Il est donc évident que l’Assemblée fédérale a surtout voulu contourner le référendum obligatoire. Cela ne renforce pas vraiment la conscience constitutionnelle de la population. En fait, le Parlement devrait toujours s’en tenir au droit, c’est-à-dire à la Constitution.
Bernhard Waldmann: Pour des raisons de politique démocratique, je pense qu’il y a beaucoup plus à faire ailleurs: le mécanisme d’urgence n’est pas central. Le Parlement édicte de nombreuses normes de délégation, comme dans la loi sur les épidémies. Le Conseil fédéral peut ainsi édicter des ordonnances allant très loin.
Stefan G. Schmid: La loi COVID-19, avec ses nombreuses normes de délégation et d’habilitation, a également mis à mal la notion de loi matérielle. En effet, même en cas de pandémie, la Constitution prévoit que «toutes les dispositions importantes fixant des règles de droit» doivent être adoptées sous la forme d’une loi fédérale. Néanmoins, en raison du grand besoin de flexibilité, des questions ont été très largement déléguées, alors qu’elles auraient dû faire l’objet d’une réponse de la part du législateur. Cela a conduit une partie de la population au mécontentement. Les gens ne trouvaient pas du tout dans la loi ce qu’ils attendaient, car elle laissait au Conseil fédéral le soin de prendre les dispositions décisives. y
Bernhard Waldmann
Professeur de droit public et constitutionnel à l’Université de Fribourg et codirecteur de l’Institut du fédéralisme.
Stefan G. Schmid
Professeur de droit public à l’Université de Saint-Gall et codirecteur du Kompetenzzentrum für die Geschichte des öffentlichen Rechts.

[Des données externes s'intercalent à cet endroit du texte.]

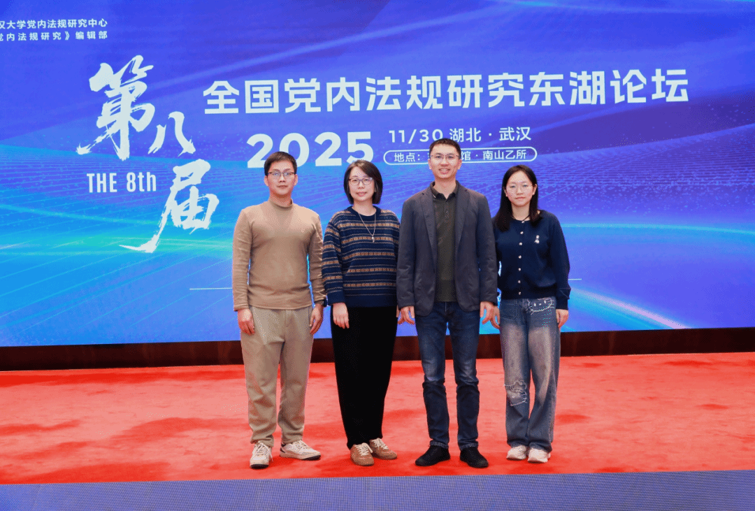2025年11月30日,由武汉大学党内法规研究中心、《党内法规研究》编辑部主办的第八届全国党内法规研究东湖论坛在武汉举行。湖北省委常委、省委秘书长彭勇,武汉大学党委书记朱孔军出席开幕式并致辞。本届论坛以“学习贯彻党的二十届四中全会精神,奋力谱写新征程依规治党新篇章”为主题,来自北京大学、中共中央党校(国家行政学院)、中国社会科学院等高校和科研机构,全国各省区市党委办公厅和法规工作部门的200余名专家进行了深入研讨。

L’objectif de l’initiative Giacometti
Le Parlement peut déclarer une loi urgente et la faire entrer en vigueur immédiatement. Un référendum n’est possible que si la loi est applicable plus d’un an. Les lois qui ne reposent pas sur une base constitutionnelle doivent alors obligatoirement être approuvées par le peuple et les cantons. Les lois ayant une base constitutionnelle ne sont soumises au peuple que si huit cantons ou 50 000 électeurs lancent un référendum. L’initiative dite Giacometti exige que les lois fédérales urgentes soient acceptées par le peuple et les cantons dans les 100 jours suivant la décision du Parlement – sinon, elles ne sont plus en vigueur. Les initiants, réunis autour de l’entrepreneur et juriste romand Alexandre Zindel, récoltent actuellement des signatures.